I think Oprah, somehow, is as close to Everywoman as any human being has ever been, for white people and black people and just about every other shade of people, and for males as well as females. I wanted to know where that came from—what her family tree might tell us, if anything, about the source of this extraordinarily rare capacity for empathy and communication. Of course, there’s no way to know for sure. There never is. There are millions of biographies of famous people, and none explains its subject fully. Yet each can teach us something, bringing us, perhaps, just a little closer to an explanation that makes sense of how a hero becomes a hero. And that’s what I set out to do here: get a little closer to an understanding of what makes Oprah tick by looking at her ancestors.

Although it’s vulgar to say that we are our ancestors, or that who we are individually is the result, primarily, of the traits and characteristics and personalities of our ancestors, there is something that is, at the same time, so obviously true about that statement that most of us simply take this for granted. “Who are his people?” My father, at ninety-three, still asks that question when I introduce him to a new friend. It’s almost embarrassing to have to say it, but we are an extension of our pasts, our own and that of our family. We are not trapped by our pasts, thank goodness. Our life choices aren’t delimited or predetermined by the choices that our ancestors made. But we are, in part, inevitably the product of our past, our individual pasts and our collective past. That’s one of the reasons so many of us furiously swab our cheeks for our DNA: to learn what our “pasts” reveal about our present, indeed, about “us.” We all look to antecedents in an attempt to understand what makes each of us individuals, what makes us unique, certainly, but what also ties us to a common past, even if that past is only as broad as the branch of a family tree. Paradoxically, none of us wants to be imprisoned by the limitations of our family’s history; rather, we seem to want to use knowledge of that history as a springboard to new possibilities, as both a comfort zone and an enabling mechanism, a set of facts necessary for a certain psychic comfort, but not sufficient for foreclosing our individual life possibilities.

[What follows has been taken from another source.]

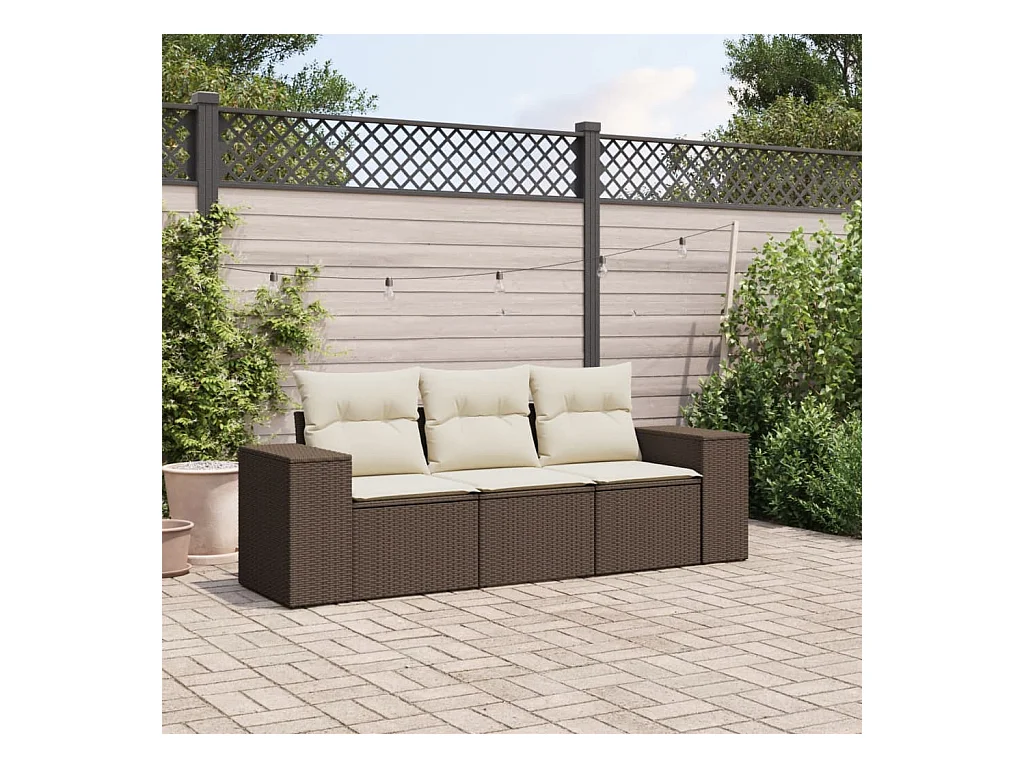 Set di mobili da giardino con cuscini 3 pezzi in resina intrecciata marrone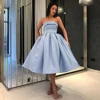 Vestidos De baile De graduación De tafetán azul sin tirantes para mujer, vestido De fiesta Formal largo hasta el té, línea A, bata De Soriee personalizada sin mangas

My second reason for wanting to look at Oprah’s family history was more complicated. At bottom, I think, I had a suspicion that it would be a most fascinating story—and more than that, that it would provide a cogent and compelling means through which to interest a wide array of people in the larger issues of the American past and the importance of genealogy, especially black genealogy, within that past. As I’ve said, these subjects are dear to me. And Oprah herself is fascinated with them. She told me once that she thinks it’s crucial for African Americans to understand their family history—and she speaks eloquently about the importance of understanding our grand history, our collective history, in terms of that family history. “Knowing your family history,” she says, “is knowing your worth—your whole worth. And I don’t mean your monetary value. It’s about everything that everybody gave up for you. It allows you to know what your mama went through, your grandmama went through, your great-grandmama went through, your grandfathers. It lets you know that you have been paid for—that there are lots of people who come before you who would have liked to have had what you have. I think about this all the time—you know, my ancestors could not have imagined the life that I now lead but the work that they did prepared the way.”

I couldn’t have said it better myself.